The second is in leveraging the power within the chorus to help each other, since a focus on small-group work means we’re going to have a lot more people facilitating each other, and a lot more mutual feedback than we do in whole-group sessions. Again, this is an extension of things we already do, but entails a real gear-change in how much.

And these two things I think work together. Focusing on individuals in a director-led, top-down rehearsal structure can make people feel very exposed. Taking turns in smaller-groupings is much safer: fewer people to hear the mistakes, and everybody gets equal chances to mess up in front of their friends.

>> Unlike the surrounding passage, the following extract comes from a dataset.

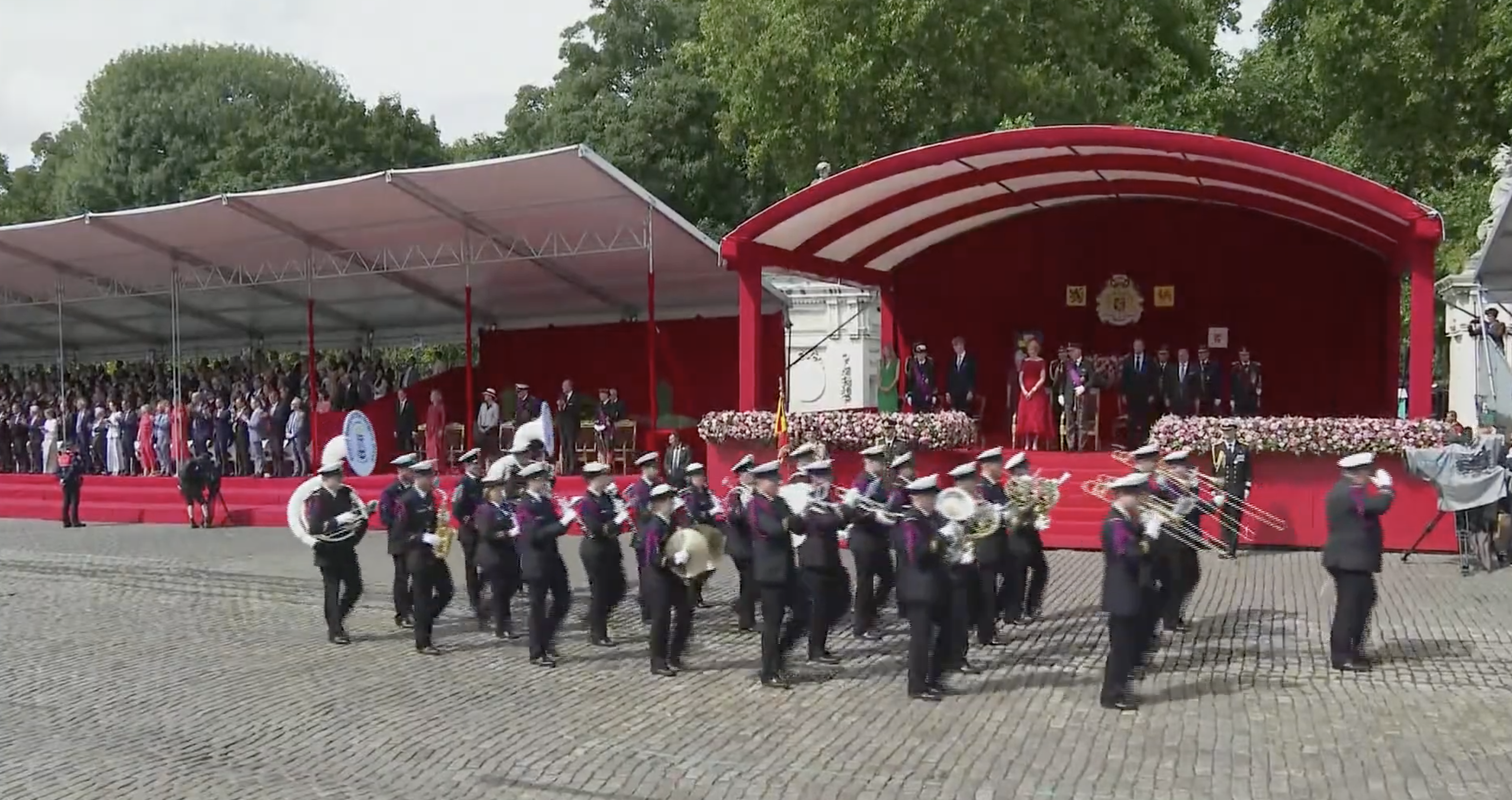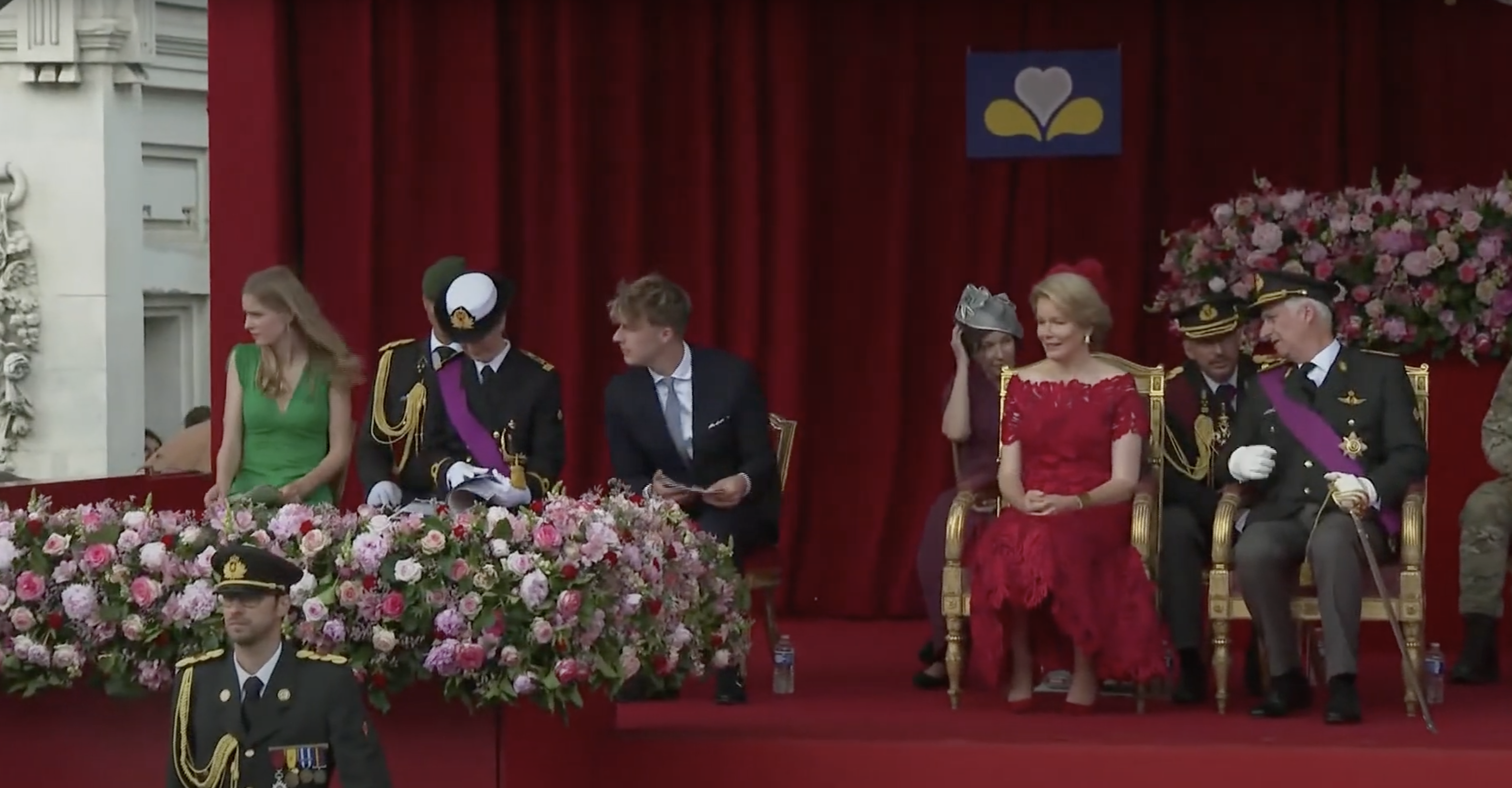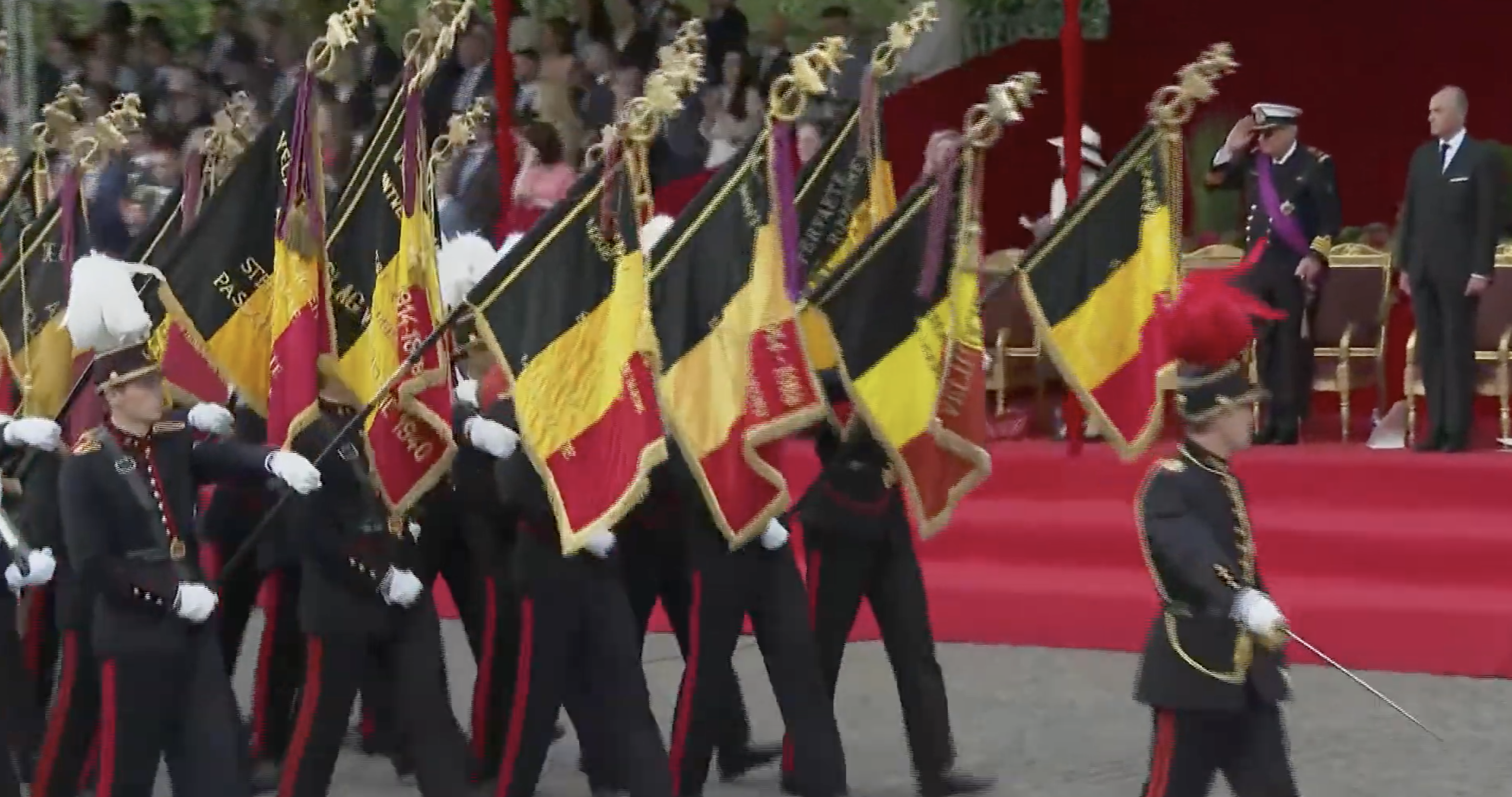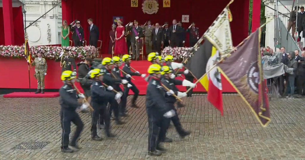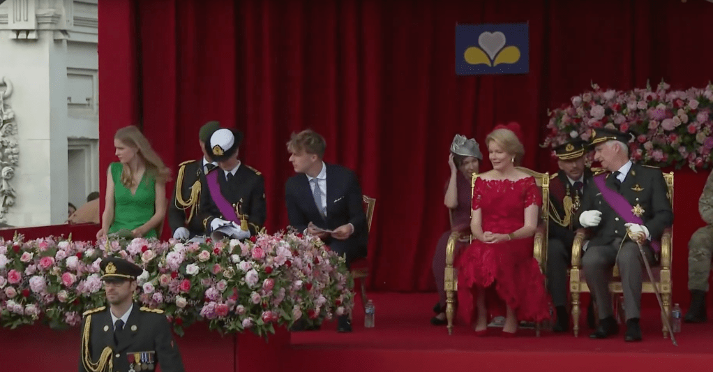 Koning Filip en koningin Mathilde arriveren bij het erepodiumLinks op het podium drie van de vier kinderen van het koninklijk paar, v.l.n.r. de prinsessen Eléonore, Elisabeth (de hertogin van Brabant en kroonprinses) en prins EmmanuelHet koninklijk paar vlak voor de paradeNaast het hoofdpodium waren de overige familieleden present, v.l.n.r. James O’Hare, prinses Delphine, prinses Claire, prins Laurent, prins Lorenz en prinses AstridDe parade werd geopend met muziekMode-experts wisten te melden dat de koningin gekleed ging in een kanten jurk van Modehuis Natan en een hoed van ontwerpster Fabienne DelvigneDe vaandels van de verschillende legeronderdelen maken hun opwachtingKoning Filip groet de vaandels in zijn rol van opperbevelhebber van het Belgische legerNa afloop schudde de koning nog de nodige handen

Don’t get me wrong. I am going to miss like crazy the envelope of harmonic joy that cradles me each Wednesday evening. This is not a way I would ever choose to run a chorus if we had the option of being safely together. But since we need to make the shift, we can at least use it to learn different things, and develop different working practices that will enrich us once we can resume normal, face-to-face rehearsals. And we can continue to give both social and musical nourishment to each other during what is already a difficult time, and set to get harder before it gets easier again.

So I hope this has both helped to persuade you to stop facilitating the spread of COVID19 through your choral activities, and given you some ideas about what to do instead. It’s also worth pointing out that if you’re not in any choral social network groups, you should go and join some now. There are loads of helpful, practical discussions about this going on that are generating useful ideas and sharing helpful practical experiences. Go and join in, we need your ideas too!